Born in Maarsbergen, Holland in 1941, she was the youngest child of Emanuel and Henrietta Verveer. She was just a year old when her family went into hiding. Forced to separate, Verveer was sent to live with a Dutch family active in the Resistance. Her protectors presented her as their own child, naming her “Carla van den Berg”. As a toddler, she was “arrested” and sent to an orphanage in Westerbork, a transit camp in northeastern Holland. In September 1944, the children were transported to Bergen Belsen and then to Terezin. Of the 15,000 children imprisoned in Terezín, Verveer is among the one percent who survived.

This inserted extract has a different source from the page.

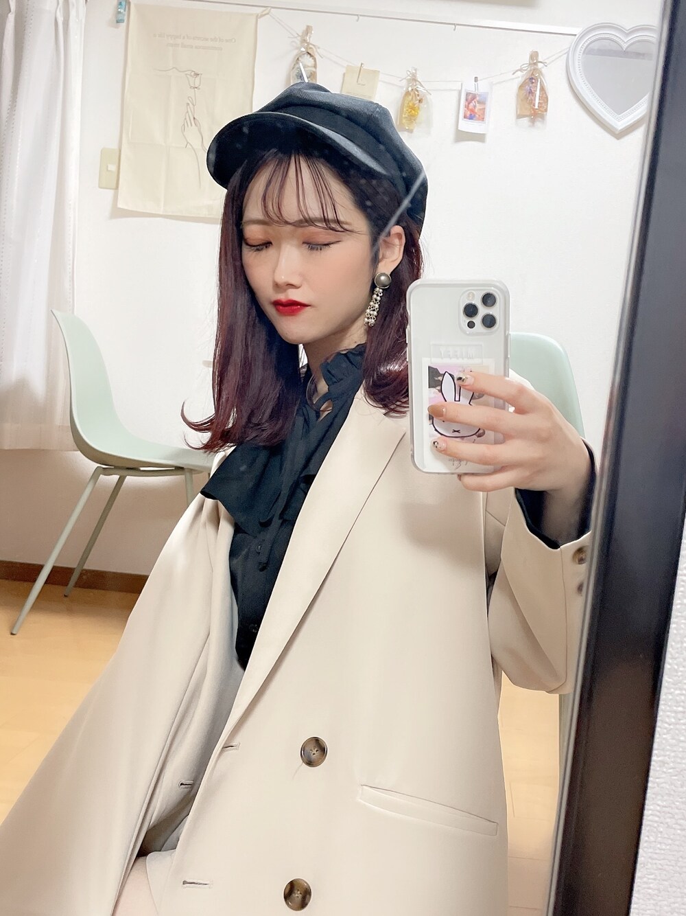 ベージュ系のジャケット/アウターを着用したレディースの春コーディネートの1枚目の写真

After her 1945 liberation, she was reunited with some of her family members and eventually immigrated to Israel before settling in the United States 35 years ago. An eloquent and staunch advocate in support of survivor testimony, Verveer has spoken to hundreds of groups across the country.

“I did not speak about the Holocaust for the longest time,” she has said. “But when there were too many people denying that it ever happened, I decided to speak up. And I have been speaking up about what happened to me ever since.”

Her hope is for continuous new ways to keep lessons from the Holocaust fresh and relevant. “Our highest priority is to preserve and maintain testimonies. When it was over, we said ‘never again’. But genocide still happens. I hope it clicks with people how universal the danger is. It is our responsibility to act.”

Verveer serves on the board of Holocaust Museum Houston, is a member of the Executive Committee of the Texas Holocaust and Genocide Commission and is president of Child Survivors of the Holocaust, Houston.

Week of Understanding is made possible with generous support from the Omaha Public Schools Foundation, Adah and Leon Millard Foundation and the Shirley and Leonard Goldstein Supporting Foundation of the Jewish Federation of Omaha Foundation.